Safaricom’s application for authorisation for an international operating licence from UK authorities hit a snag last year, but the company has since entered into a transfer agreement with Western Union to get over the hurdle.

Business models used by the mobile phone operators that leave agents with the responsibility of settling all claims from own revenues has also limited growth of mobile money transfers – especially in rural areas.

This is mainly because most rural-based M-pesa and Zap transactions involve withdrawal of money sent from urban-based relatives and friends with very little deposits to settle the claims.

Scarcity of cash in these rural outlets has forced many users, especially those moving more than Sh3,000 to turn to the more liquid operators such as PostaPay and MoneyGram to avoid delays in delivery.

Regional integration
Zain says it is counting on “regional integration of its Zap platform around the African continent and a seamless connectivity with the individuals’ banking services,” to expand its reach.

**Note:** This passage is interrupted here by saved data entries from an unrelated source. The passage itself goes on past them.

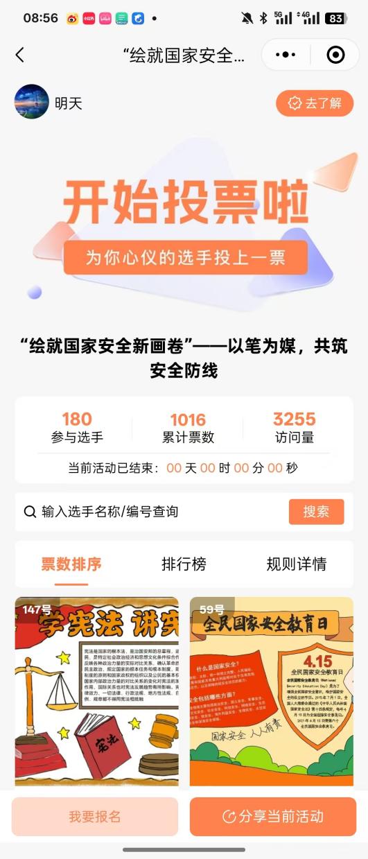 活动筹备阶段,法咨中心学术部精心策划活动方案,业务部高效完成宣传推送与物资采购,外联部联动多方资源保障活动落地。4月15日至22日,通过线上小程序征集作品,学生们踊跃投稿,一幅幅构思精巧的手抄报、色彩斑斓的绘画作品,将抽象的国家安全理念转化为具象的艺术表达。4月22日至25日,线上投票通道开启,师生们积极为心仪作品助力,以艺术张力传递守护国家安全的坚定信念。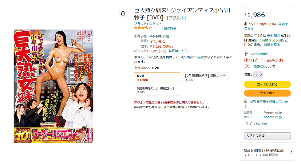 Overall though, the positives outweighed the negatives and therefore Giant MILF Attack! Giantess Reiko Kobayakawa is recommended. It can be streamed online and DVD copies were also available for ¥1,986, about $13.89, on Amazon Japan in mid-September. (Click here for the Amazon Japan link.) A region-free or Japanese DVD player is required to play the DVD.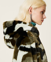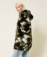 Simply wear it to get the right attitude. Reversible puffer jacket, with one quilted side and camouflage long fibre fabric pattern on the other side. Hood, dual cursor zip, welt pockets, drawstring at the bottom.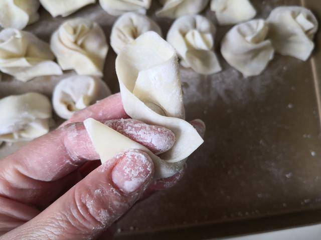 3. 将馄饨皮向上折叠两下,再将它们对向折叠按压紧,这样”虾仁馄饨“就制作好了;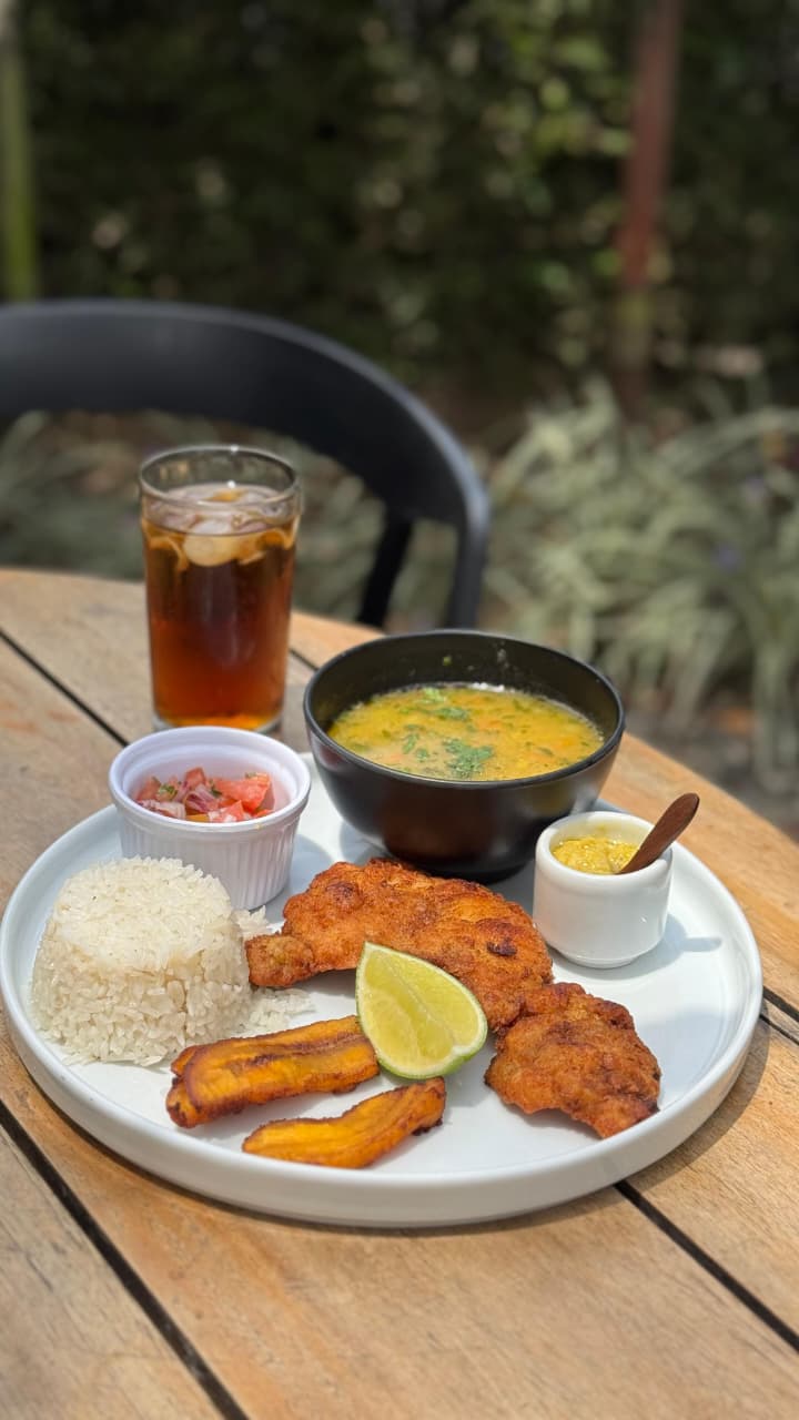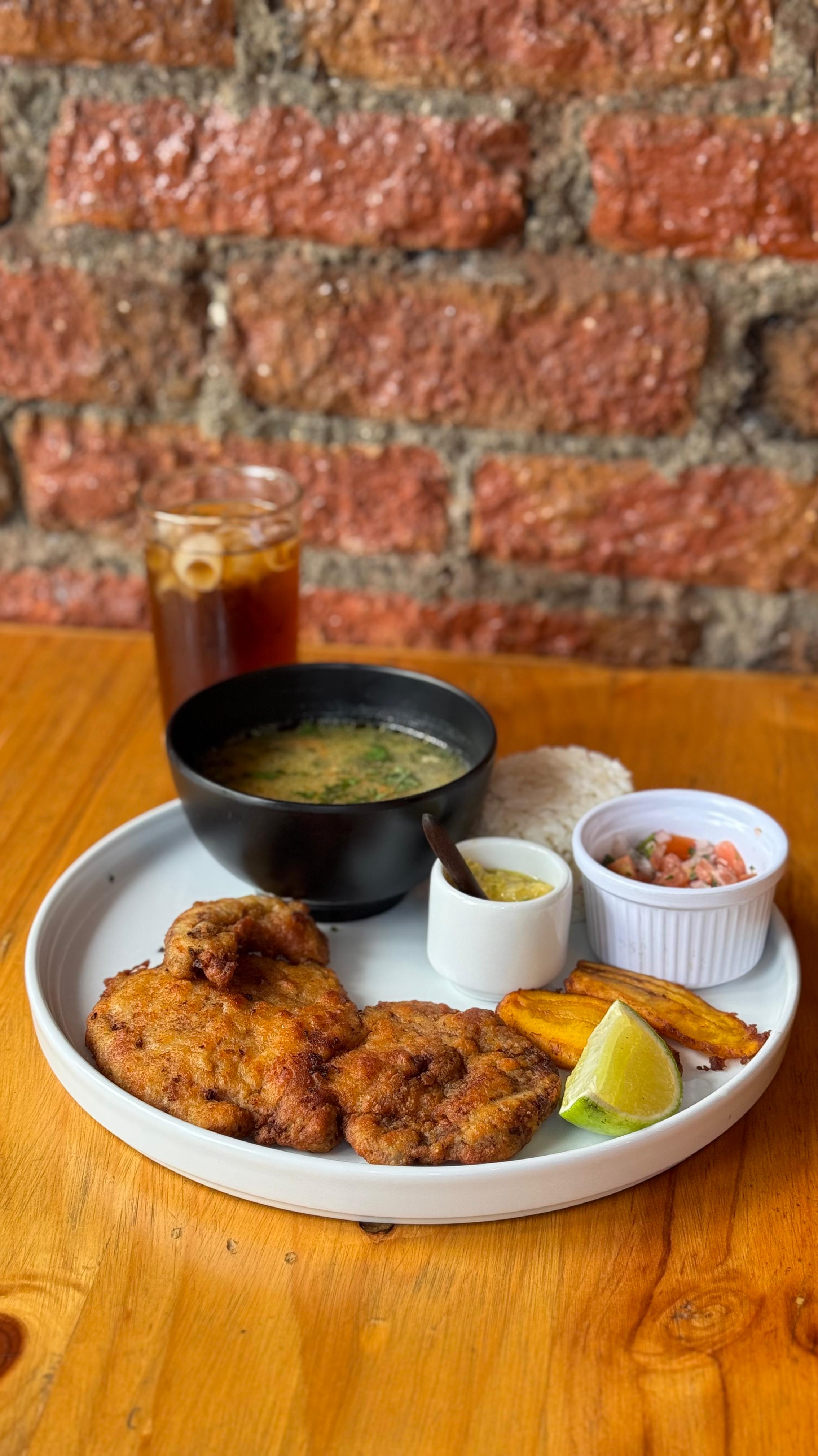 Bondiola de cerdo apanada al punto, servida con arroz blanco, plátano maduro, pico e’ gallo fresco y nuestro exclusivo chimichurri amarillo de la casa. Incluye sancochito o sopa de pastas y vaso de té helado.

The limitation of amounts transferable through mobile phones to a maximum of Sh35,000 per transaction owing to security and money laundering concerns is also seen as a curb on the mobile phone operators’ revenue horizon. The capping is being used by other operators to reap bigger commissions that have enabled them to stay in business.

Ms Pulver of FSD says Kenyans generally move small amounts of money making the mobile phone-based channels just good for them.

“Majority of those sending sums above Sh35,000 are likely to be already banked,” says Ms Pulver.After initially rattling commercial banks, who saw the mobile phone money transfer service as an encroachment on their turf, the traditional money transfer firms appear to be currently taking most heat from the new service.

“We envision Zap to be the future ‘currency’ where consumers will be talking about Zap money whenever they think of any transaction they would like to do,” says Rene Meza, the Zain Kenya managing director.